Chappy mengatakan satuan terkecil dari unsur pesawat dikenal sebagai skuadron. Skuadron adalah sub system dari satuan-satuan di atasnya. Jenis pesawat (skuadron) yang akan dibeli dalam proses pengadaan merupakan bagian dari roda gigi sistem tempur dalam unitnya.
"Itu semua baru kajian dalam aspek operasional, belum lagi sisi lain yang harus masuk dalam parameter yang harus bersinergi secara utuh agar masuk dalam kerangka susunan postur kekuatan yang diinginkan," kata Chappy.
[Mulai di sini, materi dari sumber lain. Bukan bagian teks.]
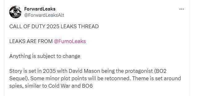 根据推主@FumoLeaks爆料,《使命召唤2025》故事设定在2035年,主角是《黑色行动2》主角David Mason,一些次要情节将被重新设定。仍然是谍战,类似于《使命召唤17:黑色行动冷战》和《使命召唤21:黑色行动6》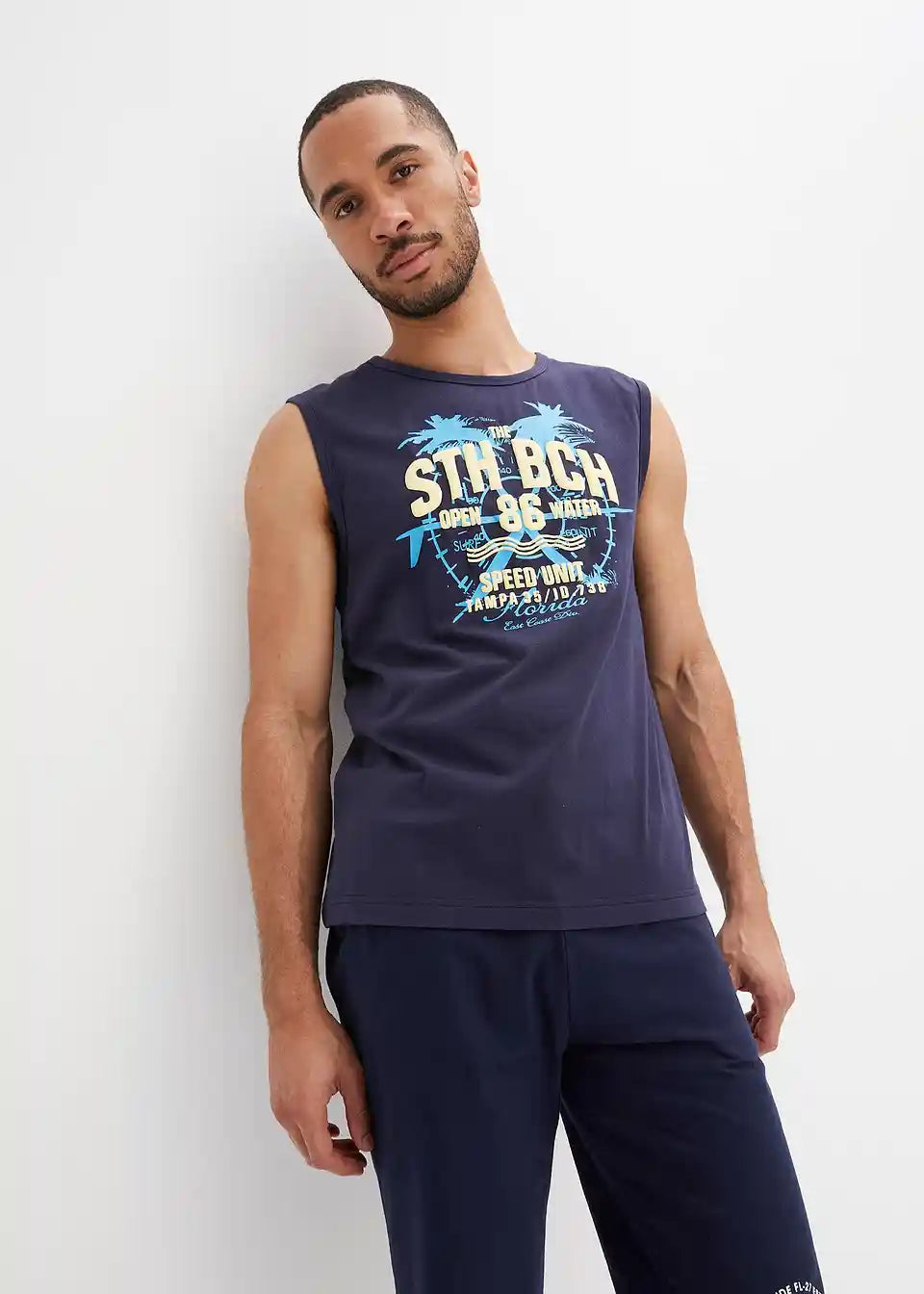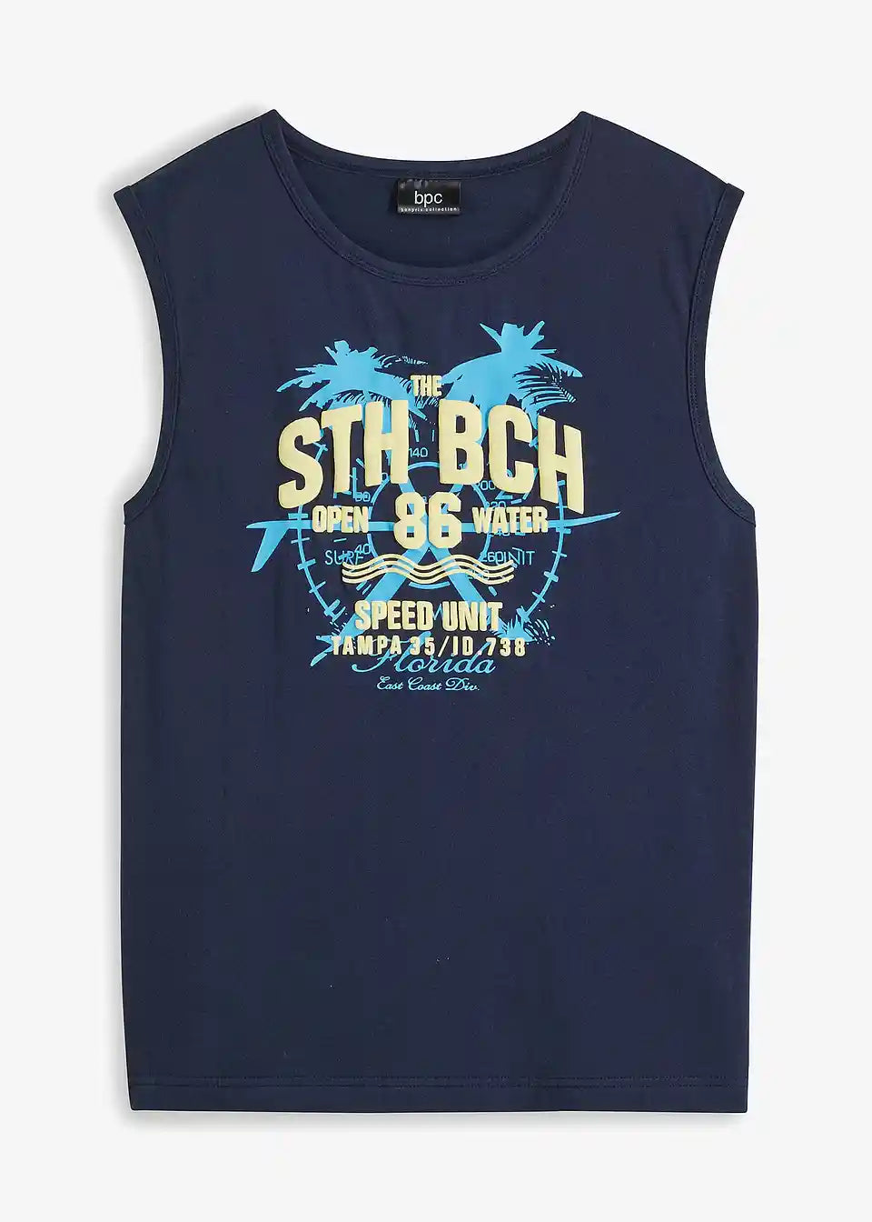Ova muška majica bez rukava Regular Fit posebno pridonosi izražavanju nadlaktica. Široki otvori za ruke dodatno naglašavaju ležerni kroj modela. Prednji dio majice ističe se prekrasnim, višebojnim printom. Bilo uz kratke hlače i papuče ili uz traperice i tenisice: Majica iz bpc kolekcije osigurava opušten izgled.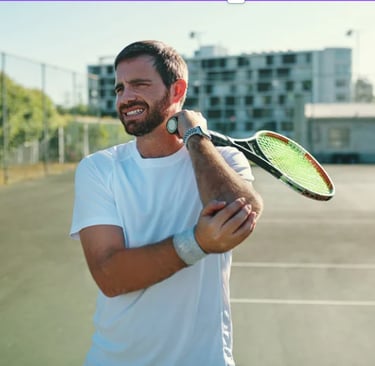 Je bent niet de enige. Wij zagen talloze fanatieke recreanten in de risicogroep (35-55 jaar) uitvallen met die vreselijke tennis- of golfarm.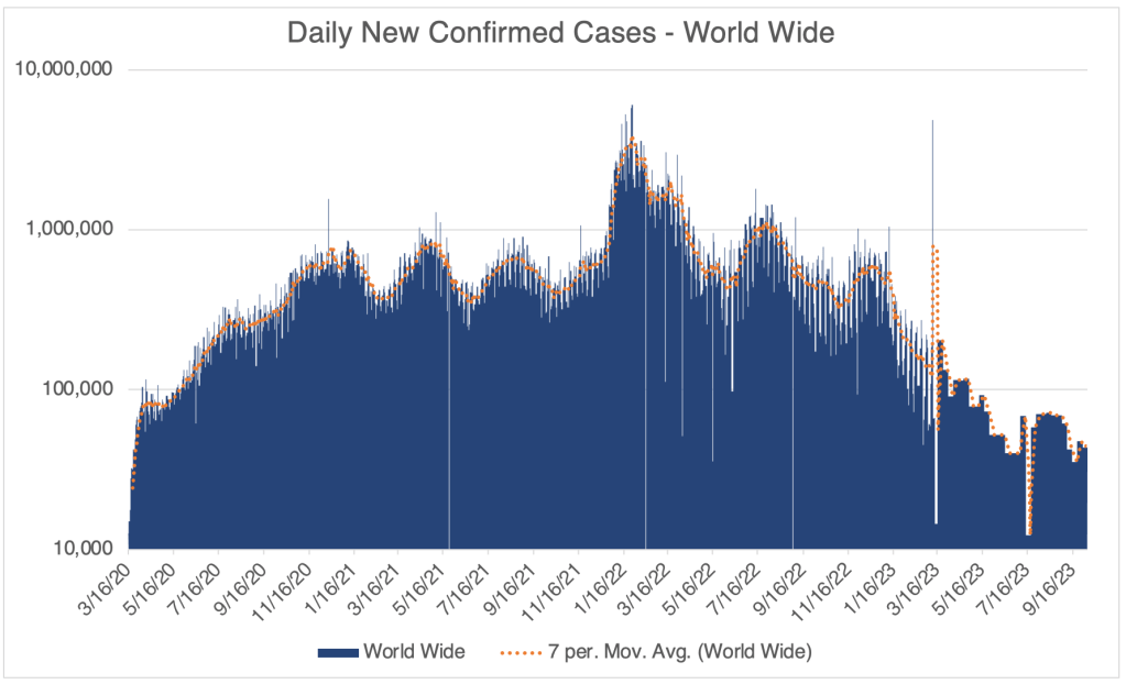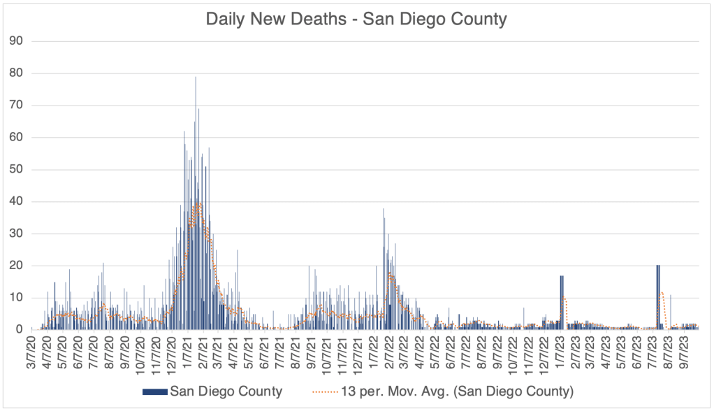 Graph is by me, from data collected from Johns Hopkins University COVID site. Graph is presented in a logarithmic format to emphasize small numbers. Note that each number on the left is 10x higher than the one below it. Data since March 10, 2023 is from Worldometer.Graph is by me, from data collected from Johns Hopkins University COVID site. Graph is presented in a logarithmic format to emphasize small numbers. Note that each number on the left is 10x higher than the one below it. Data since March 10, 2023 is from Worldometer.Hospitalizations, from the CDC website.The current EG.5 wave barely registers on the far right of this linear graph. Daily US New Cases, Worldometer/coronavirus/us. Graph is by me, from data collected from Johns Hopkins University COVID site. Graph is presented in a logarithmic format to emphasize small numbers. Note that each number on the left is 10x higher than the one below it. Data since March 10, 2023 is from Worldometer.Graph is by me, from data collected from Johns Hopkins University COVID site. Graph is presented in a logarithmic format to emphasize small numbers. Note that each number on the left is 10x higher than the one below it. Data since March 10, 2023 is from Worldometer.Graph is by me, from data collected from San Diego County Public Health. Graph is presented in a logarithmic format to emphasize small numbers. San Diego County now only releases information on Thursday each week. Data points shown are extrapolated using this information.Graph is by me, from data collected from San Diego County Public Health. Graph is presented in a logarithmic format to emphasize small numbers. San Diego County now only releases information on Thursday each week. Data points shown are extrapolated using this information. Apparent spike in deaths in July 2023 likely represents a glut of cases reported all at once.Graph is by me, from data collected from Johns Hopkins University COVID site. Graph is presented in a logarithmic format to emphasize small numbers. Note that each number on the left is 10x higher than the one below it. Data since March 10, 2023 is from Worldometer.World Wide Daily COVID Deaths, Worldometer/coronavirus.

Ia mengatakan tak paham kebutuhan pertahanan yang disusun oleh Menhan Prabowo Subianto. Detail tentang kekuatan pertahanan dan keamanan, menurut dia, harus ditanyakan langsung pada Mabes TNI dan Kementerian Pertahanan. "Karena ada beberapa hal yang tidak bisa digunakan sebagai bahan publikasi terbuka," kata dia.
Meski begitu, ia menegaskan pembelian alutsista tak hanya membahas teknis spesifik peralatan tempur. Masih ada pembahasan di aspek hubungan internasional yang perlu dipertimbangkan. "Masih ada beberapa lagi yang harus dipertimbangkan termasuk berkait dengan National Policy karena akan bersinggungan dengan hubungan antar negara-pemerintahan pada tataran international strategic consideration," kata Chappy.